==== The records

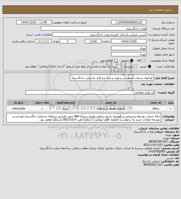شرح کلی نیاز: فراخوان خدمات پشتیبانی و تولید و ارتقا نرم افزار دیه وزارت دادگستری
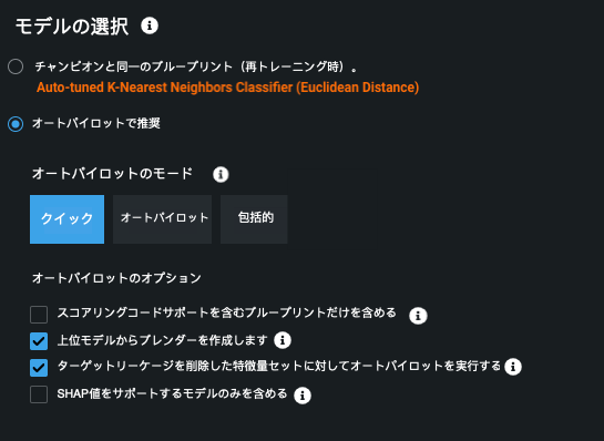 オートパイロットとモデル選択オプションの追加に対応するために、自動再トレーニングの機能が強化されました。再トレーニングはどのオートパイロットモードでも実行可能となり、トップモデルからアンサンブルを作成できるようになりました。さらに、モデリング時にSHAP値対応のモデルのみを検索したり、ターゲットリーケージを除去した特徴量セットを使用したりすることも可能です。これらのモデリングオプションの強化により、モデリングおよびデプロイ後のエクスペリエンスを改善できます。
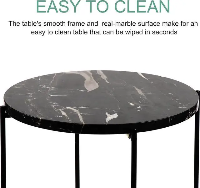 Metal frame table legs, the table top is marble, waterproof, wear-resistant and easy to clean, the overall weight is light and easy to move.
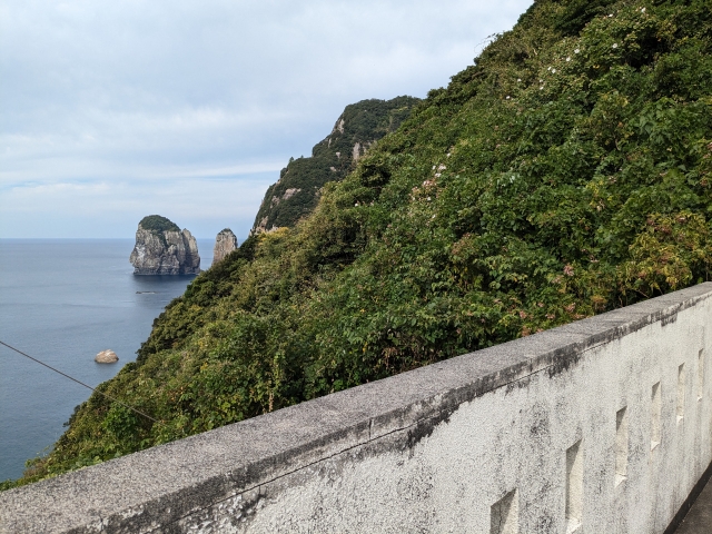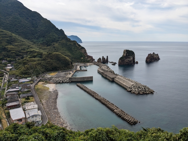 前の平展望所からは瀬々野浦の集落も見渡せます。港付近には奇岩がたくさん。せっかくここまで来たので、集落まで降りてみることにしました。
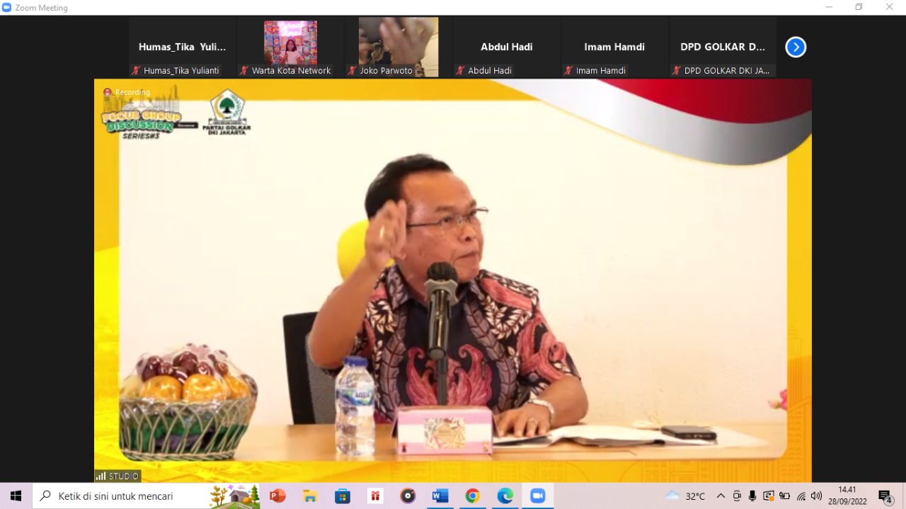 Hal tersebut merupakan intisari dari acara Focus Group Discussion (FGD) Series #3 ‘Mencari Figur Ideal Penjabat (Pj) Gubernur DKI Jakarta’, di Kantor DPD Golkar DKI Jakarta, Kecamatan Menteng, Jakarta Pusat, Rabu (28/9).
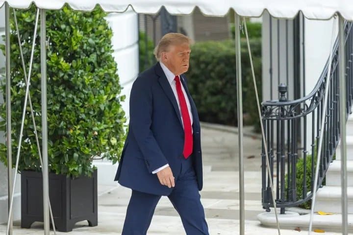6月15日,在美国华盛顿白宫,美国总统特朗普准备登机。新华社记者胡友松摄
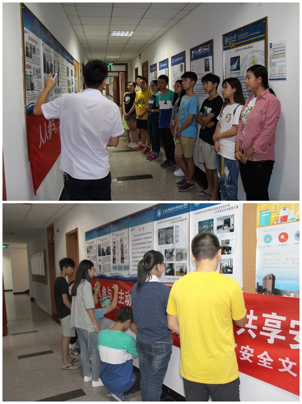 9月22日,学院选取安全建设规范实验室图片以及安全防护知识海报在学院一层大厅进行展示,学院部分本科生及研究生进行参观,参观过程中由免费成人影片 实验技术系列教师吕志伟老师结合免费成人影片 实际情况对规范要求进行讲解,向同学们强调操作规程,讲授佩戴防护设备注意事项,希望学生在实验过程中能做到看懂危险标识,了解潜在危险,懂得规避危险,做好安全防护。活动张贴了本次安全文化周活动主题条幅,充分调动了师生的主观能动性,学院师生积极在条幅上签写防护实验室安全标语,共同肩负起防护实验室安全的责任。
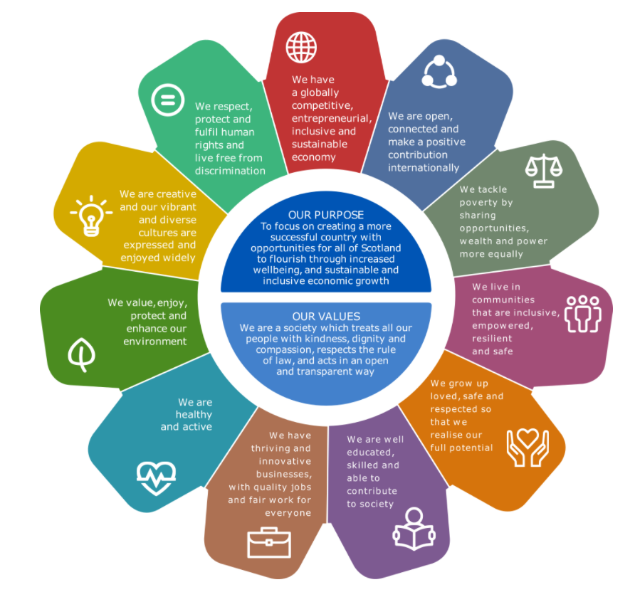 The Scottish Government’s National Performance Framework (NPF) is the key mechanism for benchmarking environmental, economic and social progress in Scotland. The NPF is intended to both guide policy making and ensure accountability.
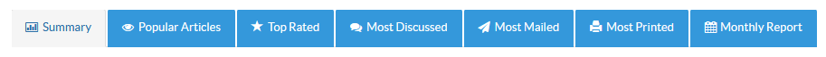 When you click on any of the subsections of ’Statistics’, corresponding page with tabs of different statistics reports will display. For example, if you click on Articles, the page will display different tabs like summary, popular articles, top rated etc. Similarly, all other sub-sections will display tabs of their statistics reports which are explained in different articles.
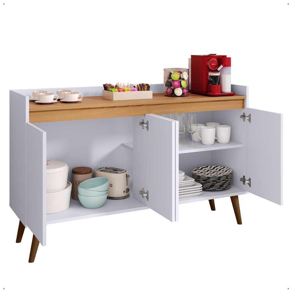 *Aparador Buffet Retrô Sala Hal De Entrada Cantinho Do Café Prateleira Interna Organizador 4 Portas
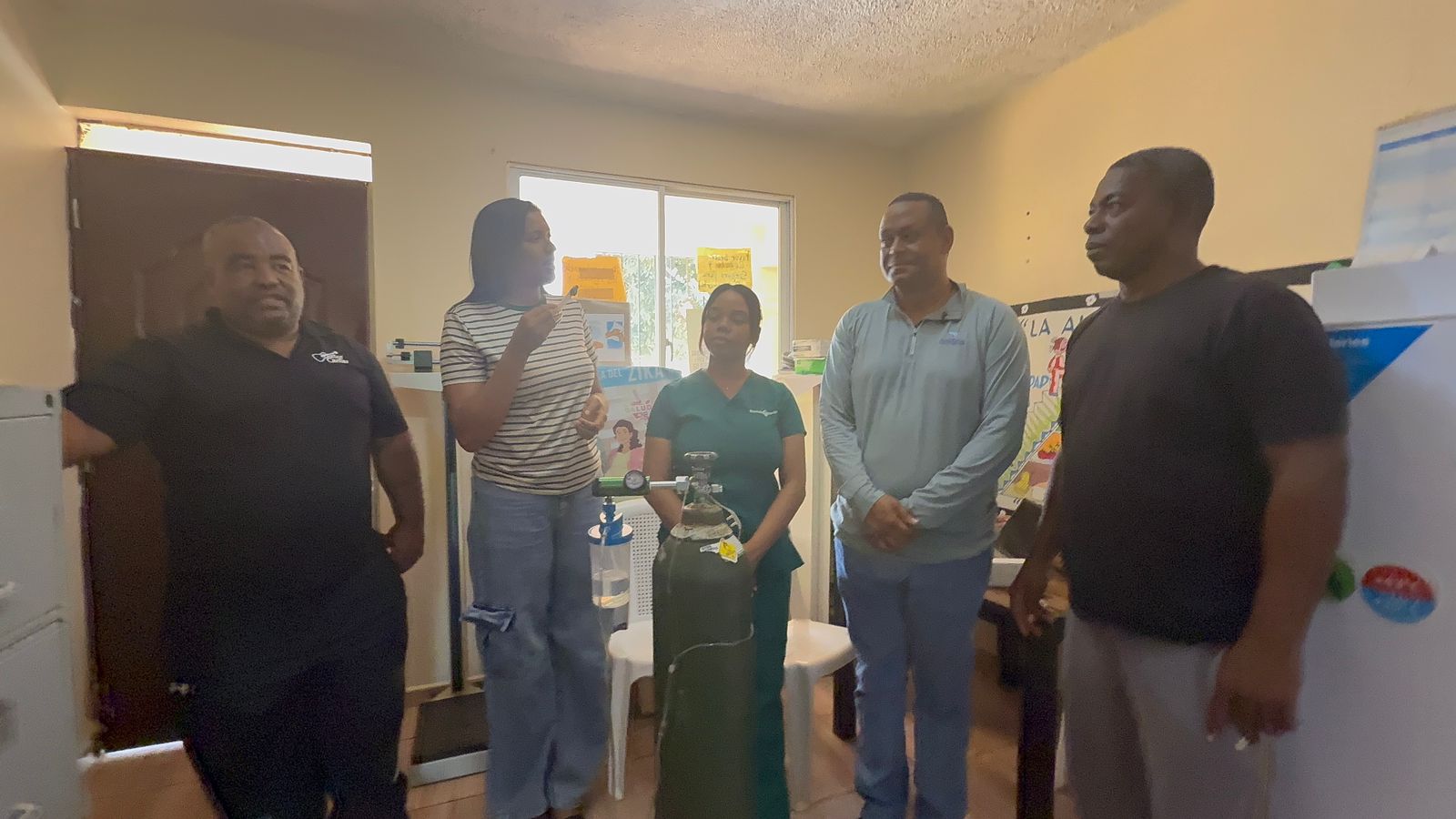 Samaná.- La Fundación Rincón Bay, representada por su director, Víctor Dumé, realizó la entrega de un tanque de oxígeno con su válvula a la Policlínica de Las Galeras, en un acto conjunto con la alcaldesa Ana Reyes y los regidores Lenin King y José Armando Almeida.
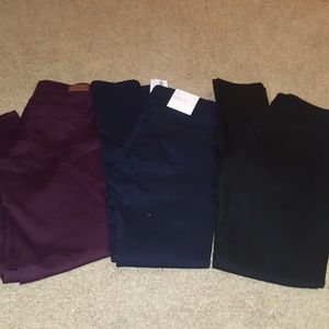 All 3 never worn. Navy ones have tags. Navy and black are size 10. Other color is size 29 regular.
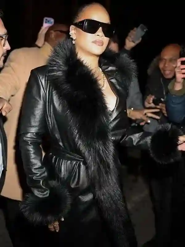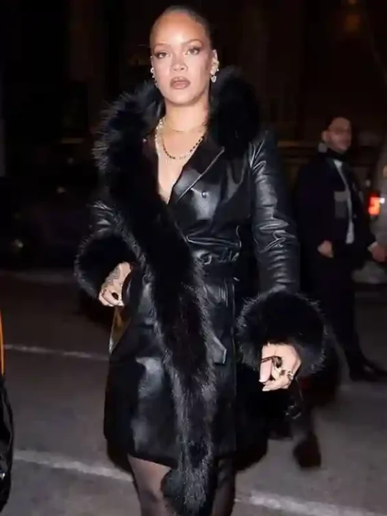For Women Coat NYC 2026 Rihanna Black Leather Trench Coat
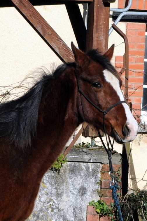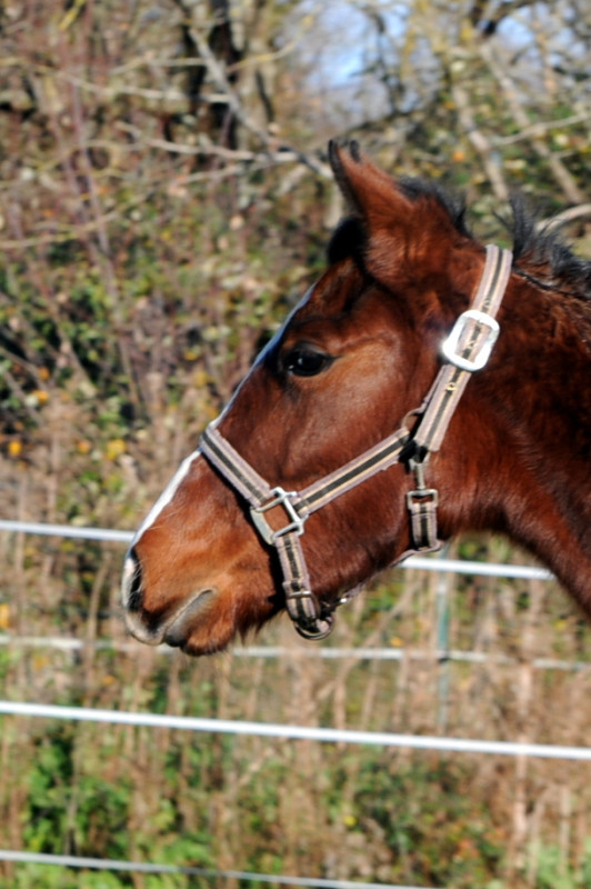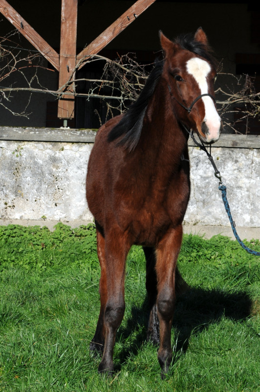 Opale est une très jolie pouliche. Elle est élancée et bien orientée. Il faudra vous projeter pour la voir "finie" mais cela va être une beauté ! Et elle a, cerise sur le gâteau, un œil parti color bleu (une rareté pour la race!) !

========

## Task item
From the records above, extract the lines from the one holding "The Scottish Government’s" through the one holding "For Women Coat", word for word; omit the pictures.

## Answer to this task
 The Scottish Government’s National Performance Framework (NPF) is the key mechanism for benchmarking environmental, economic and social progress in Scotland. The NPF is intended to both guide policy making and ensure accountability.
 When you click on any of the subsections of ’Statistics’, corresponding page with tabs of different statistics reports will display. For example, if you click on Articles, the page will display different tabs like summary, popular articles, top rated etc. Similarly, all other sub-sections will display tabs of their statistics reports which are explained in different articles.
 *Aparador Buffet Retrô Sala Hal De Entrada Cantinho Do Café Prateleira Interna Organizador 4 Portas
 Samaná.- La Fundación Rincón Bay, representada por su director, Víctor Dumé, realizó la entrega de un tanque de oxígeno con su válvula a la Policlínica de Las Galeras, en un acto conjunto con la alcaldesa Ana Reyes y los regidores Lenin King y José Armando Almeida.
 All 3 never worn. Navy ones have tags. Navy and black are size 10. Other color is size 29 regular.
For Women Coat NYC 2026 Rihanna Black Leather Trench Coat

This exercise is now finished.